Comment by jcrites - Hacker Neue

jcrites Oct 5, 2023 parent

Are there good data handling libraries that provide abstractions over pipes, sockets, files, and memory and implement optimizations like these? I'd be interested in knowing if there are such libraries in C, C++, Rust, or other systems languages.

I wasn't familiar with some of the APIs mentioned in the article like splice() and vmsplice(), so I wondered if there are libraries that I might use when building ~low-level applications that take advantage of these and related optimizations where possible automagically. (As another commenter mentioned: these APIs are hard to use and most programs don't take advantage of them)

Do libraries like libuv, tokio, Netty handle this automatically on Linux? (From some brief research, it seems like probably they do)

duped Oct 6, 2023

This may go against the grain but this isn't really worth abstracting over since it's not portable. You'll probably want to implement it by hand everywhere you need it.
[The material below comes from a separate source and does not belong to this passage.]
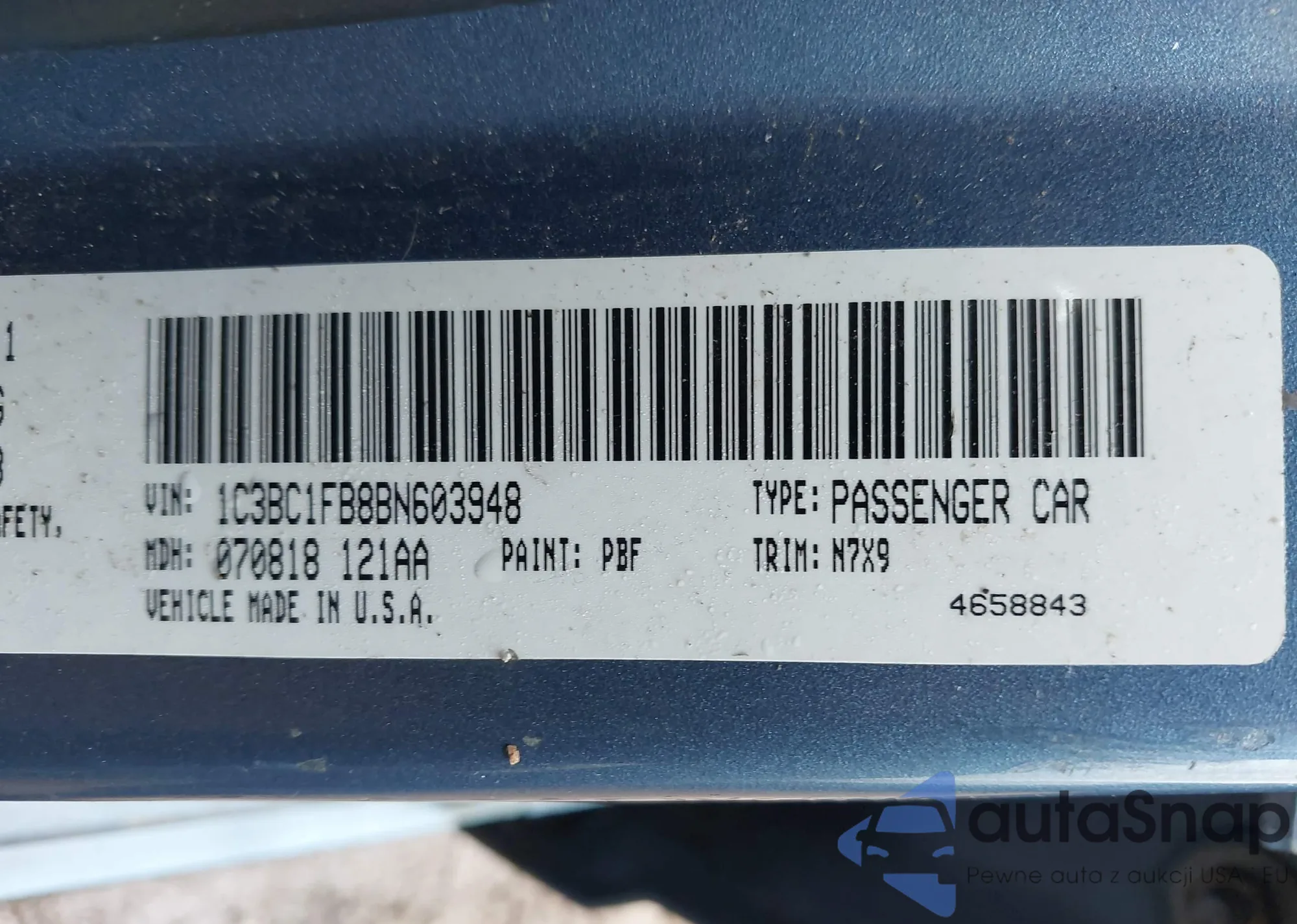 LOT: 42306513 VIN: 1C3BC1FB8BN603948

Higher level code only uses them rarely because they're pretty special purpose and they have to be specialized for Linux. If you're shuffling data around without looking at it only on Linux, splice is useful. There's not that many applications that have that property (something like say, TCP/UDP proxies definitely need it - but your bog standard HTTP server? Not so much).

And if you are writing these apps then the buzzwords like "zero copy" come up often, and splice is one of the first results you'll see.

NavinF Oct 6, 2023

The main reason why people write abstractions over stuff like this is to make it portable. I'm sure there's something similar to vmsplice on every relevant OS. The library can also fallback to write_read if you're targeting some ancient platform

duped Oct 6, 2023

> I'm sure there's something similar to vmsplice on every relevant OS.

There isn't.

gpderetta Oct 6, 2023

I think Linus generally considers splice a failed experiment. It works fine is some simple scenarios, but the generalized support for it needed to make it work failed to materialize.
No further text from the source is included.